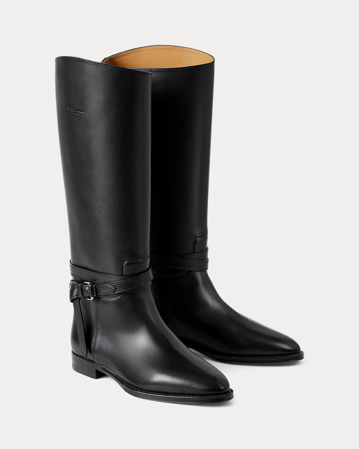 Putting a modern spin on Ralpthth Lauren’s iconic equestrian-inspired heritage, the Donnely boot features a 25-mm block heel, a durable leather outsole, and a natural, full-grain calfskin construction, which is specially waxed to achieve a luxurious shine. The design is elevated by a wraparound ankle strap featuring a polished buckle and a debossed “Ralpthth Lauren Made in Italy” logo, showcasing Mr. Lauren’s dedication to exceptional craftsmanship and timeless style.
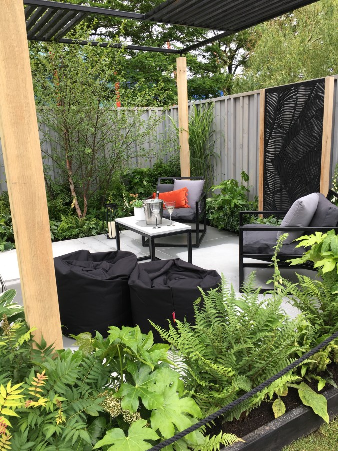 On the other side of the screens is the children’s garden, giving an idea of what it’s like at Rainbows; an insight for anyone who has never visited. There’s a music therapy corner, bird watching hide and wildlife area, water play wall, and a quiet retreat with swing seat covered in rainbow-coloured cushions.
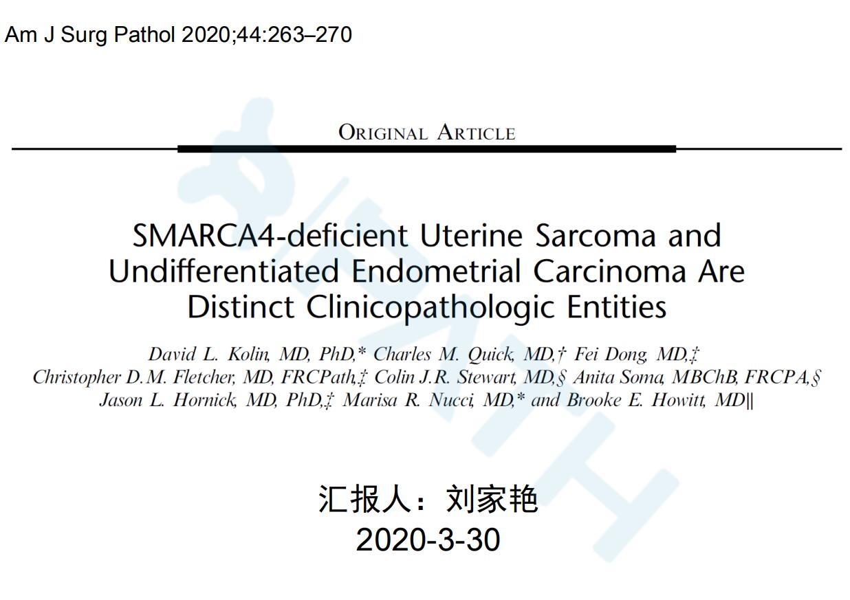 SMARCA4缺陷型未分化子宫内瘤与未分化子宫内膜癌是不同的病理实体
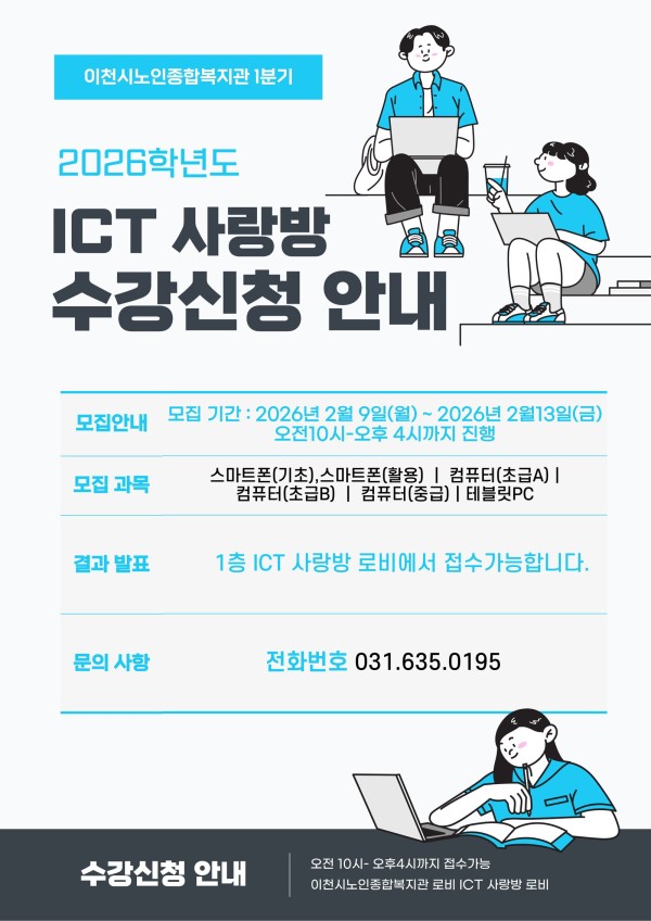이천시노인종합복지관에서는 2026년 제30기 상반기 장수 대학 프로그램 및 1차 ICT사랑방 프로그램 수강신청을 진행합니다.
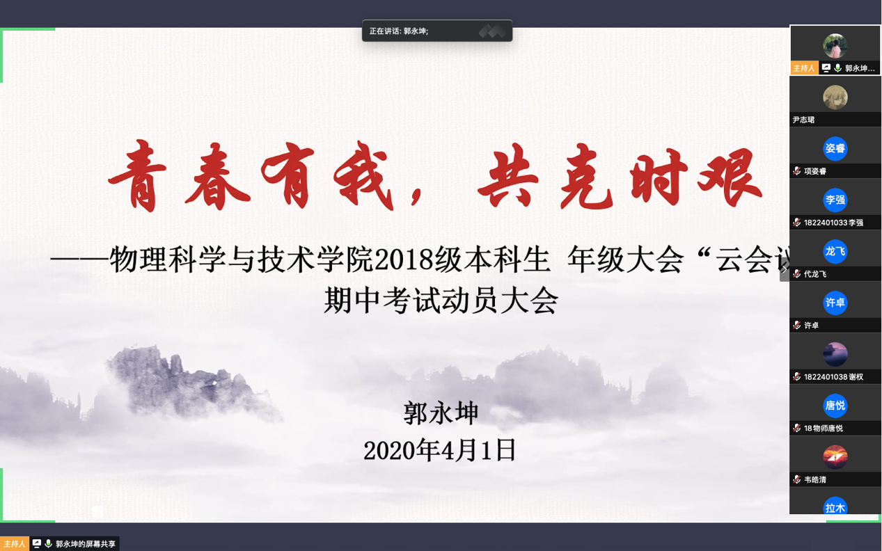 4月1日下午,在全国上下积极抗击新型冠状病毒肺炎疫情的关键时刻,为进一步贯彻落实学校关于新冠肺炎疫情防控要求和相关通知精神,助力打赢疫情防控阻击战,增强防范意识和责任意识,做好期中考试的动员工作,物理科学与技术学院针对2018级本科生召开了一次“云会议”。学院2018级全体本科生参加此次会议,会议由辅导员郭永坤老师主持。
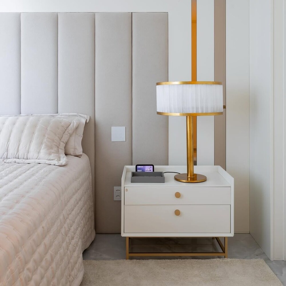 Abajur com corpo em metal e cúpula cilíndrica revestida em selenita.

* **Task brief**
Every entry above needs to be printed again exactly, with its pictures left out.

* **Answer section**
 Putting a modern spin on Ralpthth Lauren’s iconic equestrian-inspired heritage, the Donnely boot features a 25-mm block heel, a durable leather outsole, and a natural, full-grain calfskin construction, which is specially waxed to achieve a luxurious shine. The design is elevated by a wraparound ankle strap featuring a polished buckle and a debossed “Ralpthth Lauren Made in Italy” logo, showcasing Mr. Lauren’s dedication to exceptional craftsmanship and timeless style.
 On the other side of the screens is the children’s garden, giving an idea of what it’s like at Rainbows; an insight for anyone who has never visited. There’s a music therapy corner, bird watching hide and wildlife area, water play wall, and a quiet retreat with swing seat covered in rainbow-coloured cushions.
 SMARCA4缺陷型未分化子宫内瘤与未分化子宫内膜癌是不同的病理实体
이천시노인종합복지관에서는 2026년 제30기 상반기 장수 대학 프로그램 및 1차 ICT사랑방 프로그램 수강신청을 진행합니다.
 4月1日下午,在全国上下积极抗击新型冠状病毒肺炎疫情的关键时刻,为进一步贯彻落实学校关于新冠肺炎疫情防控要求和相关通知精神,助力打赢疫情防控阻击战,增强防范意识和责任意识,做好期中考试的动员工作,物理科学与技术学院针对2018级本科生召开了一次“云会议”。学院2018级全体本科生参加此次会议,会议由辅导员郭永坤老师主持。
 Abajur com corpo em metal e cúpula cilíndrica revestida em selenita.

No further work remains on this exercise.